Doerge's alma mater, NSU, inducted her into the College of Business Hall of Distinction. Her name is engraved on a plaque located in the foyer of Russell Hall. The Louisiana Police Jury [equivalent of county commission in other states] Association presented her with its "Friends of the Parishes" award.

A cancer survivor

Doerge is a breast cancer survivor. In an interview with the late Juanita Agan of the Minden Press-Herald, the United Methodist Doerge attributed her recovery to the will and love of God and His answer to her prayers for strength and endurance, the care of her physicians, the love of her family, and the concern of friends. Late in 2004, she was declared cancer-free.

Reelection in 2007

Doerge easily retained her seat in the nonpartisan blanket primary held on October 20, 2007. She received 6,681 votes (57 percent) to 4,133 (35 percent) for Ronnie Broughton of Minden, the then president of the Webster Parish School Board and a Republican who later left that party to become the state chairman of the Constitution Party. An African American candidate, Terrell Mendenhall of Cullen, polled 915 ballots (8 percent).

Broughton had committed to the victorious Republican gubernatorial candidate Bobby Jindal, but Doerge had proclaimed her neutrality in the governor's race in which her former legislative colleague, Foster Campbell, was also a candidate. Broughton questioned why Louisiana Highway 371 remains a two-lane road. He had promised if elected to "bring transportation dollars home to our area." Broughton also proclaimed himself a pro-life candidate: "Life starts at conception, marriage is between a man and woman, and the Second Amendment should be protected and held sacred."

Term-limited in 2011

Doerge was term-limited in 2011. In the primary election held on October 22, three Republicans, Ronnie Broughton making a second bid for the seat, businessman and former banker Gerald Holland of Springhill, and educator and businesswoman Jeri de Pingre of Minden, and a Democrat, Harlie Eugene "Gene" Reynolds of Dubberly, sought to succeed Doerge.

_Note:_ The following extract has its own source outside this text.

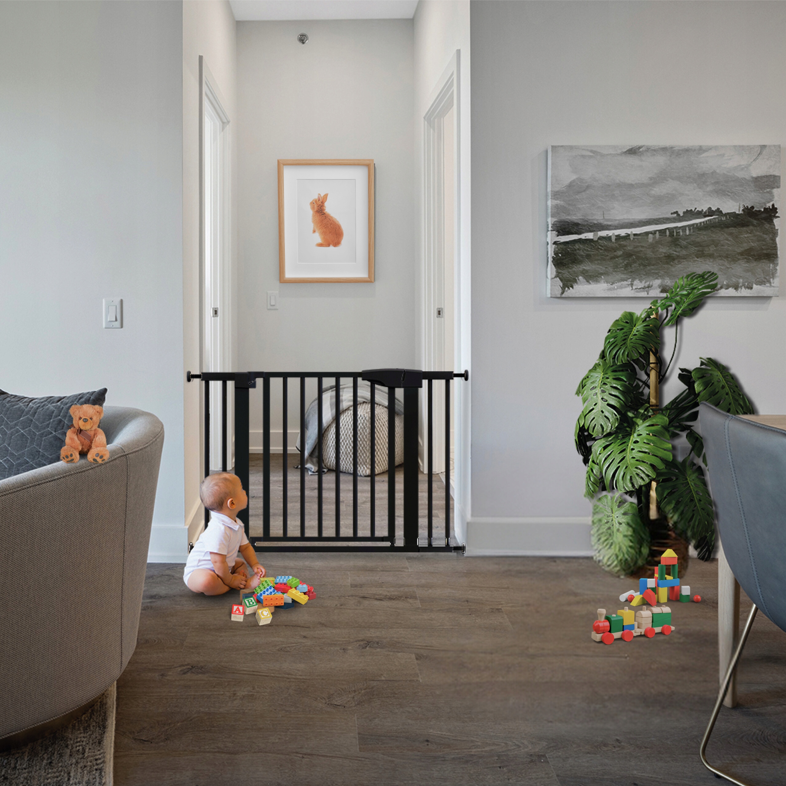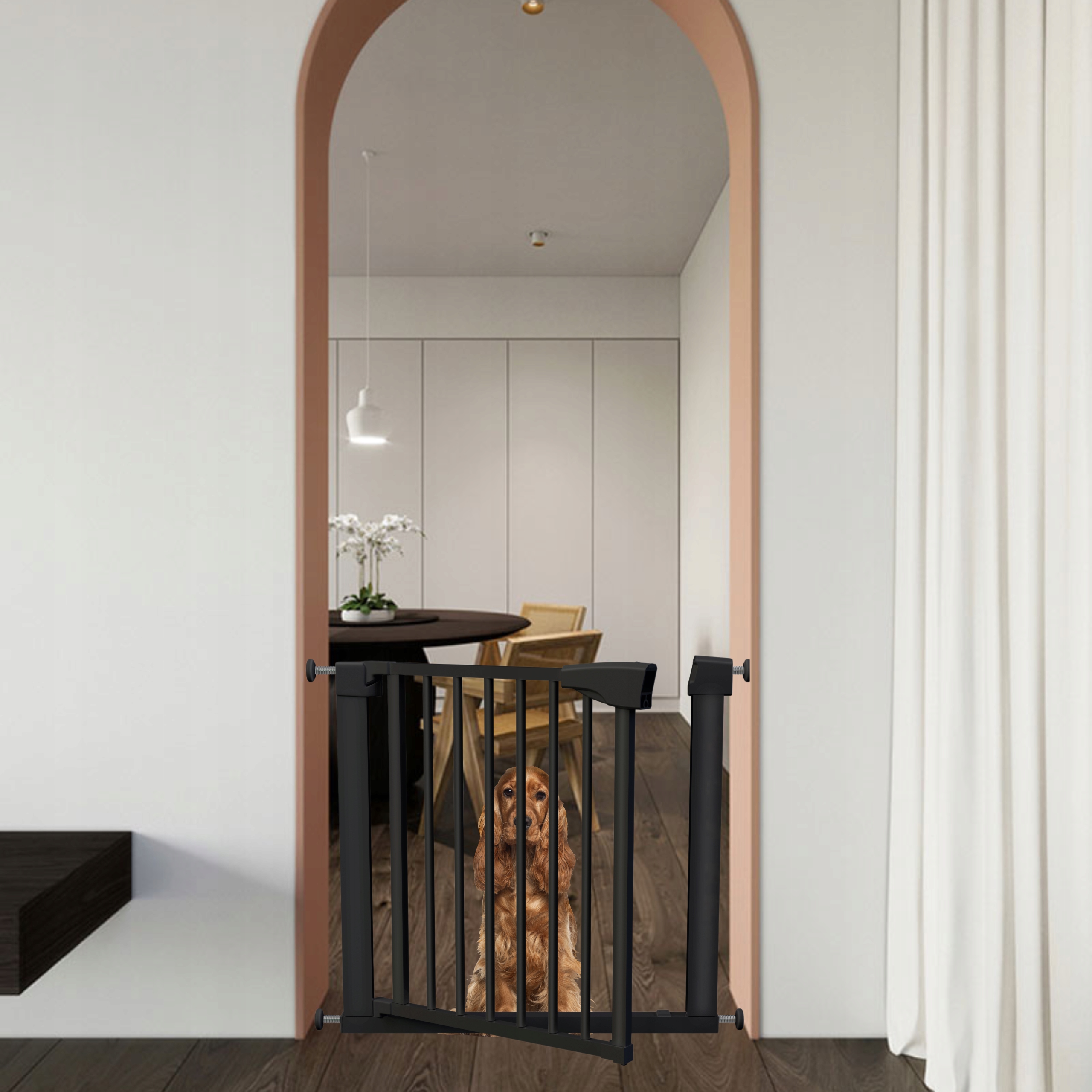 ➡️Це ідеальне рішення для орендованих квартир, де будь-яка зміна конструкції може бути проблематичною. Бар’єр стійко тримається завдяки розпіркам, які м’яко притискають його до стін або дверних коробок.

U.S. Senator David Vitter's campaign organization, the Louisiana Committee for a Republican Majority, has urged primary voters to support either Broughton or Holland but omitted de Pingre from the recommended choices. Area Democrats, including Doerge, endorsed Reynolds, who like Doerge is a former educator.

Reynolds led the four-candidate field with 3,725 votes (39 percent), and de Pingre trailed with 2,498 votes (26.1 percent). Both candidates backed by Senator Vitter finished out of the running. Gerald Holland received 2,131 votes (22.3 percent), and Ronnie Broughton, Doerge's opponent from 2007, trailed with 1,205 votes (12.6 percent).

In the general election held on November 19, 2011, Reynolds defeated Republican de Pingre, 4,232 votes (54.7 percent) to 3,508 votes (45.3 percent). He hence succeeded Doerge on January 9, 2012.

Museum director

Doerge is now the director of the Germantown Colony and Museum in Webster Parish. A $512,000 visitor center, for which she worked as a lawmaker to obtain the appropriation, opened in November 2014. The dogtrot-style building showcases German settlers who established a commune in North Louisiana beginning in the mid-1800s in a quest to avoid religious persecution. This is the last museum to have been added to the state system: "We are telling a part of history that's almost been lost. We're opening that up to not only adults but children as well," Doerge said.